Iman Shumpert: Loser
Iman Shumpert opened eyes within the Knicks organization and around the league with an impressive rookie season in 2011-12. Since then, the shooting guard has lost confidence in his jump shot, been shuffled in and out of the starting lineup and undergone two operations on his left knee. Shump's on-ball defense regressed last season, and he shot a dismal 37.8 percent from the field.
Knicks management is enamored with a new, young shooting guard, Tim Hardaway Jr. The team has reportedly been trying to trade Shumpert since at least November, via Marc Stein of ESPN.com. The Knicks attempted to use him to unload Andrea Bargnani or Amar'e Stoudemire this summer, via Ian Begley of ESPN New York.
Shumpert would have benefited from a change of scenery and a more defined role. Instead, he will be fighting Hardaway and J.R. Smith for minutes at shooting guard, with Anthony spending more time at small forward.

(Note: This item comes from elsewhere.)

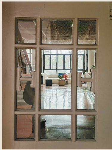
天津市总工会第二工人疗养院旧址内部。记者 曹彤 摄

近年来,天津深入挖掘历史文化底蕴,着力推进盘活历史文化资源。近期,市文博学会组织遴选,确定了原开滦矿务局大楼、法国公议局旧址、吉鸿昌旧居、奥匈帝国俱乐部旧址、天津市总工会第二工人疗养院旧址、黄海化学工业研究社旧址为2025年历史文化资源盘活推介案例,通过“保护+活化”创新模式,让历史建筑重焕光彩。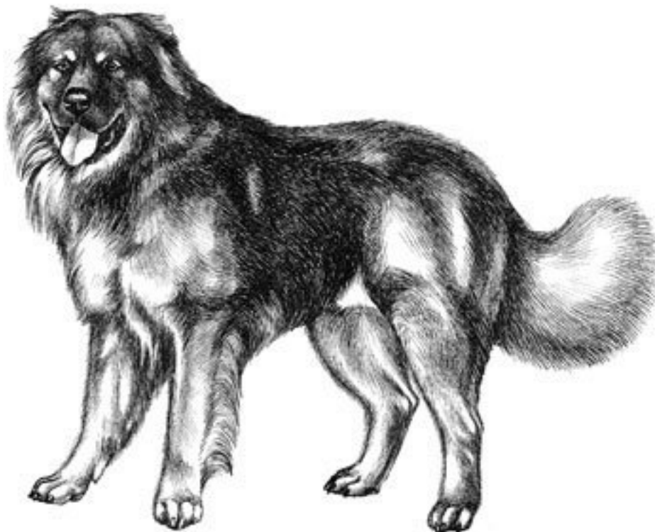
Рис. 3. Кавказская овчарка

Справиться с азиатскими овчарками под силу далеко не каждому, учитывая их физическую силу и суровый характер.

Shump could operate as an unconventional point guard in the triangle offense, filling the role that Ron Harper played for Phil Jackson with the Chicago Bulls and Los Angeles Lakers. Unfortunately, minutes will be hard to come by at that position as well, with Jose Calderon, Pablo Prigioni and Shane Larkin in the mix.
Pablo Prigioni: Loser
Pablo Prigioni was a capable backup and starter for stretches in each of the last two seasons, but he will have a hard time finding minutes in a crowded Knicks backcourt this season. In fact, he may not even be on the team by the start of the season. According to Frank Isola of the New York Daily News, the Knicks are shopping the Argentine.

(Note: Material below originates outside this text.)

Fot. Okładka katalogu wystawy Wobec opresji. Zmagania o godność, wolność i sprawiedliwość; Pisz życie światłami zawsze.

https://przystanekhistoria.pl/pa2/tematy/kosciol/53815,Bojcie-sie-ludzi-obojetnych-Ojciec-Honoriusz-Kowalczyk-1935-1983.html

New York acquired two point guards in the June trade that sent Tyson Chandler and Raymond Felton to the Dallas Mavericks for Jose Calderon and Shane Larkin. Calderon will be the starter, with Prigioni and Larkin battling for the remaining minutes.
Prigioni's game is better-suited for the triangle offense, which utilizes his strengths as a facilitator and release valve/spot-up shooter. Larkin is a dribble-drive point guard who shot just 31.6 percent from three-point range last season, compared to Prigioni's 46.4 percent.
Larkin's edge is on defense. He has quick hands and feet and a knack for stepping into passing lanes, whereas the 37-year-old Prigioni struggles to stay in front of quicker guards. Coach Fisher may also want to develop Larkin for the team’s future or as a trade asset in what is expected to be a transition season for the Knicks.
Prigioni will not see the floor as part of a two-point guard lineup as in years past. The triangle places less emphasis on the point guard position, and with Carmelo Anthony playing more minutes at the 3, New York will be three deep at shooting guard with J.R. Smith, Tim Hardaway Jr. and Iman Shumpert.